The High Courts and Supreme Court, while dealing with liberty and bail cases, should take a leaf out of judge Dharmender Rana’s order granting bail to Toolkit FIR accused Disha Ravi, former Attorney General Mukul Rohatgi said on Wednesday.
Rohatgi also lamented that the entire jurisprudence surrounding bail has been turned on its head in the last few years with the courts, particularly the High Courts and Supreme Court showing reluctance to grant bail.
“It is a courageous decision by a District judge. Higher courts should learn from this. And if I may say so with great respect to the judiciary, the High Courts and Supreme Court have been lagging on this front. They have allowed this kind of non-grant of bail to kind of become a punishment,” Rohatgi told India Today anchor Rajdeep Sardesai on a TV discussion.
Additional Sessions Judge Dharmender Rana of the Patiala House Court granted bail to activist Disha Ravi on February 23 in the toolkit FIR case on account of “scanty and sketchy evidence” against her.
In his 18-page judgment passed, the judge Rana pertinently held that “citizens cannot be put behind bars simply because they disagree with the government.”
Rohatgi heaped praises on the bail order stating that it is a courageous and bold decision.
“I am very happy that a courageous and bold judgment has come from a District court. Full marks to the judgment and the court for keeping the flag of liberty flying,” he said.

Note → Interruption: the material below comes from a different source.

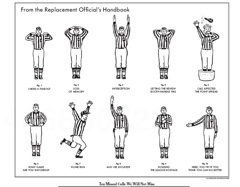Whew. After massive media pressure, the NFL managed to strike a labor deal with its referees late last night. The New York Times has a funny spin on the news this morning, printing a cartoon of on-field signals for replacement refs. Like figure 6 in the lower left, which is the official sign for “what game are you watching?” Or next to that, figure seven, which is the signal for a home run.
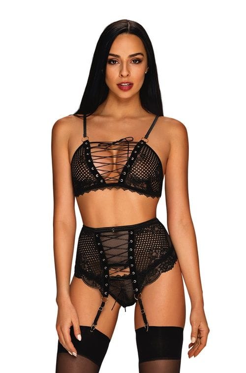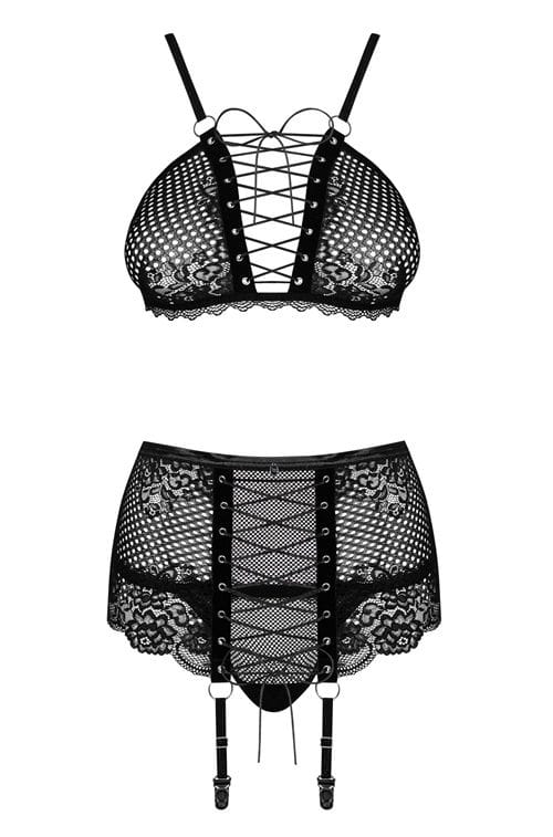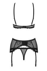 - Podkreśl swoją kobiecość! Jak? W tej trzyczęściowej bieliźnie będziesz wyglądać szalenie zmysłowo. Komplet wykonano z przyjemnej w dotyku, elastycznej dzianiny, która idealnie dopasowuje się do ciała. Jej wzór to efektowne połączenie drobnych oczek i kwiecistych zdobień, które wspólnie zestawiono z sexy sznurowaniem. Biustonosz o miękkich miseczkach bez fiszbin, pas do pończoch o nieco pełniejszej, uwodzicielskiej formie. Stringi w komplecie. Skład: 90% poliamid, 10% elastan.

“Slowly since the 1980s, 90s and 2000s this rule of presumption of innocence was changed. Firstly, it was changed in terrorist cases. It was accepted by the Supreme Court because the security of nation is at stake. But in last 10 years, this rule of presumption of innocence has been given a complete go by in offences as petty as violation of GST Act,” he said.
“What I find is, it is a trigger-happy police who puts or pastes such serious offences like sedition or murder charge in an FIR. The moment that is done, the judge generally takes backseat and does not grant bail as soon as it should be granted,” he said.
“It is the Police which creates the FIR, not the government. In simple cases which are punishable with say upto 5 years, it will put in a provision which will take the case to 10 years and then judges will think it is a very serious offence. Even in run of the mill cases, like say a car accident case, they include a charge for attempt to murder. Can you believe it?”
“They have allowed this kind of non-grant of bail to kind of become a punishment. ‘Arre chalta hai, let somebody be in for 30 days, 60 days, 90 days. Let him get a taste of the medicine because 50 percent chance is that person will be acquitted.’ Yesterday I read a report of a comment of the Supreme Court in which I appeared that this now seems to be the rule. That you have some taste of punishment as an undertrial which is completely illegal,” he said.
“We accuse bureaucrats of just pushing files and passing the buck. Now same thing is happening in the judiciary. The first court says, you go to District court. The District court says, you go higher up to High Court or Supreme Court, I won’t grant bail You must spend some time. This is the mindset now – Spend some time.”
“He (Judge Dharmender Rana) has kept the flag flying, Higher courts should learn from this and come back to what Justice Krishna Iyer said in 1978 That is still the law. It has not been buried though not followed for the last few years,” he said.